§ **Data shown**:
* * * * * * * * *
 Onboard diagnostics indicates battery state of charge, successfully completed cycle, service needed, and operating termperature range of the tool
* * * * * * * * *
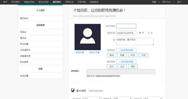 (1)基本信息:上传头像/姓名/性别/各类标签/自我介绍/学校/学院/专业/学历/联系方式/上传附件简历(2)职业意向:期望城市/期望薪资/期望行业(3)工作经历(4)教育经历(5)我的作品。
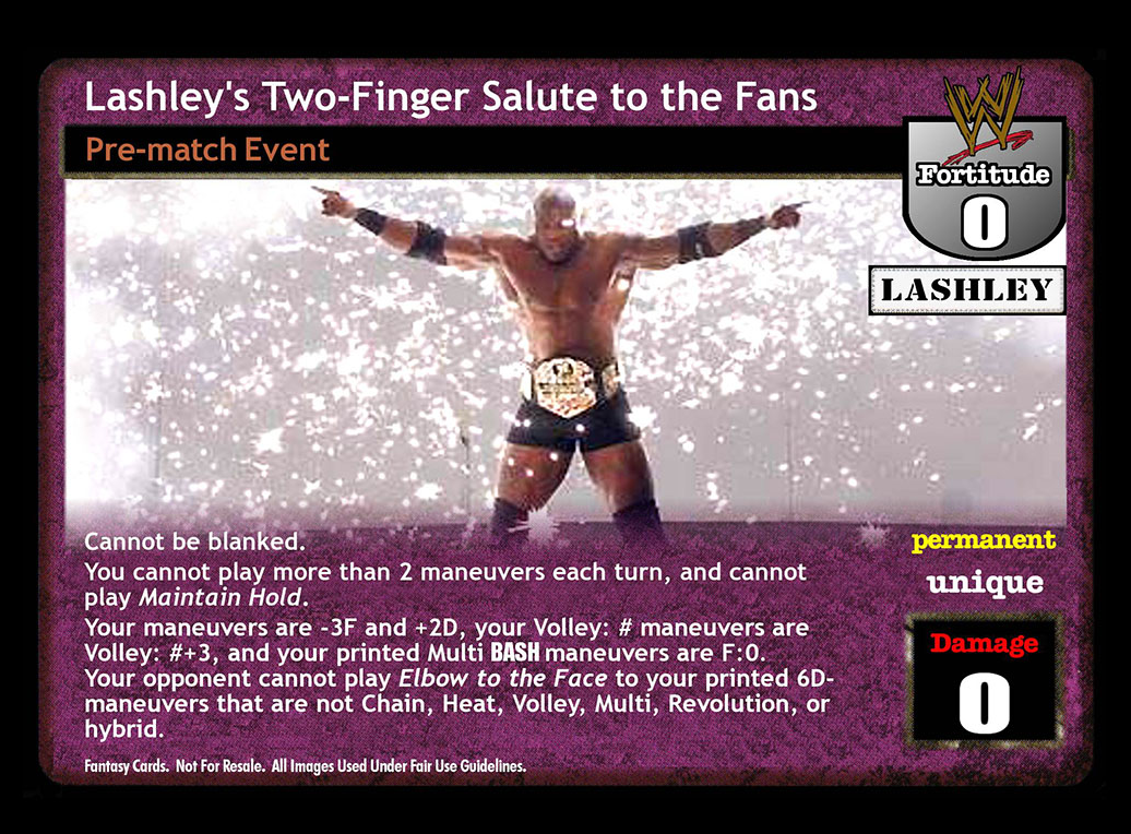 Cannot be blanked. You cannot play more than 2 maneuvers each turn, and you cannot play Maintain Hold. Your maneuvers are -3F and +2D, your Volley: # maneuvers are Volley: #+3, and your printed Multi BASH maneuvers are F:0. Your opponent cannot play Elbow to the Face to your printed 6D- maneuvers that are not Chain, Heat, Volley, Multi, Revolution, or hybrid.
* * * * * * * * *
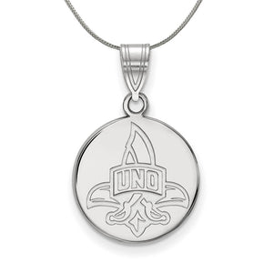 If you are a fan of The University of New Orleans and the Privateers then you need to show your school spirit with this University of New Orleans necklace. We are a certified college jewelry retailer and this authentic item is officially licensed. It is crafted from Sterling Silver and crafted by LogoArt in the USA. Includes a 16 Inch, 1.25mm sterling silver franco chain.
* * * * * * * * *
§ **About this exercise**:
What do the entries above read from the line containing "(1)基本信息:上传头像/姓" through the line containing "Cannot be blanked."? Output those lines exactly, both ends included, with the pictures left out.

§ **Task answer**:
 (1)基本信息:上传头像/姓名/性别/各类标签/自我介绍/学校/学院/专业/学历/联系方式/上传附件简历(2)职业意向:期望城市/期望薪资/期望行业(3)工作经历(4)教育经历(5)我的作品。
 Cannot be blanked. You cannot play more than 2 maneuvers each turn, and you cannot play Maintain Hold. Your maneuvers are -3F and +2D, your Volley: # maneuvers are Volley: #+3, and your printed Multi BASH maneuvers are F:0. Your opponent cannot play Elbow to the Face to your printed 6D- maneuvers that are not Chain, Heat, Volley, Multi, Revolution, or hybrid.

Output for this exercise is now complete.